:: DATA TO EXAMINE ::

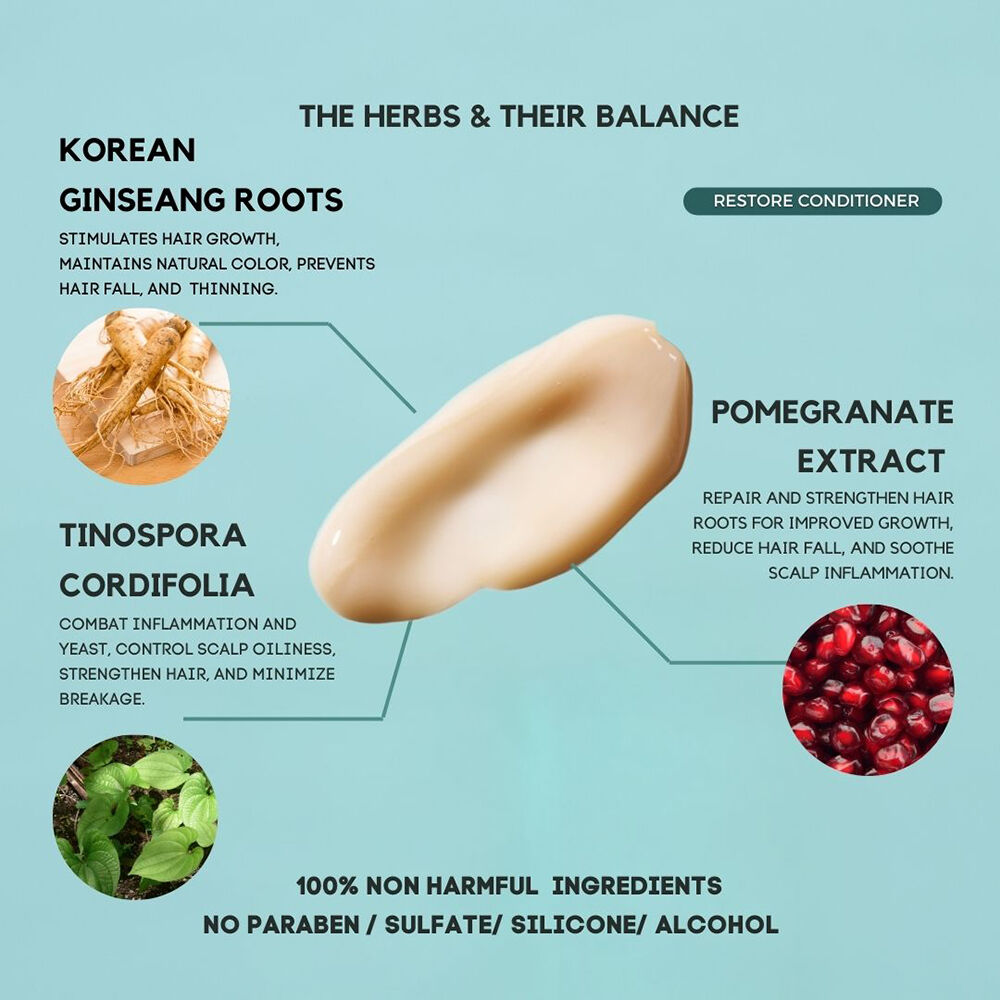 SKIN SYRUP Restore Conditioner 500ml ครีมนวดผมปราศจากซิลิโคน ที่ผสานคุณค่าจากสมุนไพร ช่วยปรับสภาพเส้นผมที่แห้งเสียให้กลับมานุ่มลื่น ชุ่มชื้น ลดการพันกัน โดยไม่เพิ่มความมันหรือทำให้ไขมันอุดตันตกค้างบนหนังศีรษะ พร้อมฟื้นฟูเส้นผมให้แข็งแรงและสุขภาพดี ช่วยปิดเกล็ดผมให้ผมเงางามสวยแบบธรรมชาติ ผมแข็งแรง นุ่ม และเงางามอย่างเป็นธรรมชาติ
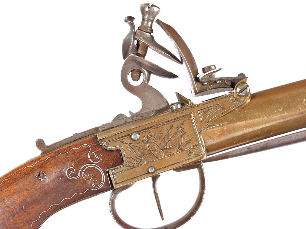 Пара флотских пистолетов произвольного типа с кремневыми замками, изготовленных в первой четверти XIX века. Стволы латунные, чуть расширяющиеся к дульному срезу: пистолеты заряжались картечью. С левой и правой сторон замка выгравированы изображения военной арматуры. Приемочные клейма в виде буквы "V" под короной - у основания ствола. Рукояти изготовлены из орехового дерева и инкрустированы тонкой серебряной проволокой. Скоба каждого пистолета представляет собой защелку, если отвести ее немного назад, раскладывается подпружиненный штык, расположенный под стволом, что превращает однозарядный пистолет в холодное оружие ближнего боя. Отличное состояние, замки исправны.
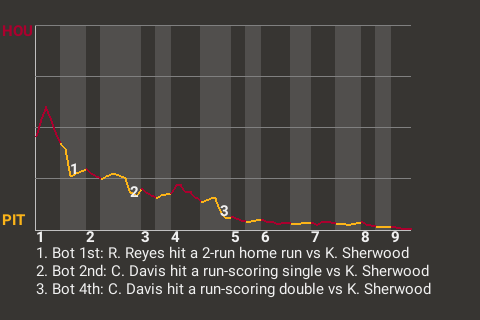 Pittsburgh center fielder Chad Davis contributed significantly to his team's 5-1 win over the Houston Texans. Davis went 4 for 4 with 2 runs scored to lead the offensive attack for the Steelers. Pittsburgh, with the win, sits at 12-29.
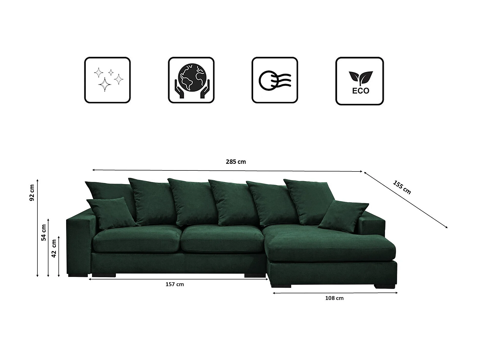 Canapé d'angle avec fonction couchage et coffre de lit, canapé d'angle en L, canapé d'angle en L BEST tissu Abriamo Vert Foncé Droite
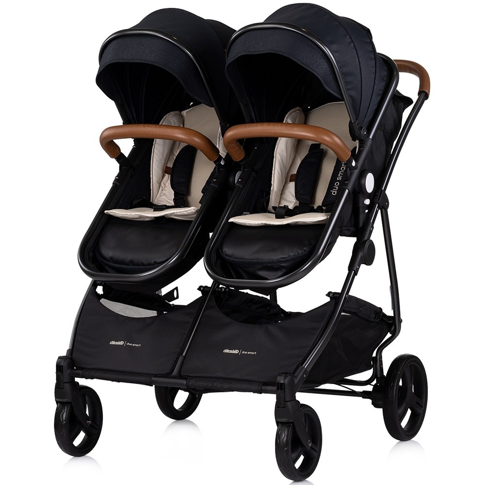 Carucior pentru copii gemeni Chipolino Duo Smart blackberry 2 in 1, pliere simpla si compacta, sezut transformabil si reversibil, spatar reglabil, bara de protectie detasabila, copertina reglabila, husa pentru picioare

:::

Leave the pictures out and repeat exactly the lines from the beginning of the records to the line bearing "Пара флотских пистолетов", both ends counted.

SOLVED PROBLEM:
 SKIN SYRUP Restore Conditioner 500ml ครีมนวดผมปราศจากซิลิโคน ที่ผสานคุณค่าจากสมุนไพร ช่วยปรับสภาพเส้นผมที่แห้งเสียให้กลับมานุ่มลื่น ชุ่มชื้น ลดการพันกัน โดยไม่เพิ่มความมันหรือทำให้ไขมันอุดตันตกค้างบนหนังศีรษะ พร้อมฟื้นฟูเส้นผมให้แข็งแรงและสุขภาพดี ช่วยปิดเกล็ดผมให้ผมเงางามสวยแบบธรรมชาติ ผมแข็งแรง นุ่ม และเงางามอย่างเป็นธรรมชาติ
 Пара флотских пистолетов произвольного типа с кремневыми замками, изготовленных в первой четверти XIX века. Стволы латунные, чуть расширяющиеся к дульному срезу: пистолеты заряжались картечью. С левой и правой сторон замка выгравированы изображения военной арматуры. Приемочные клейма в виде буквы "V" под короной - у основания ствола. Рукояти изготовлены из орехового дерева и инкрустированы тонкой серебряной проволокой. Скоба каждого пистолета представляет собой защелку, если отвести ее немного назад, раскладывается подпружиненный штык, расположенный под стволом, что превращает однозарядный пистолет в холодное оружие ближнего боя. Отличное состояние, замки исправны.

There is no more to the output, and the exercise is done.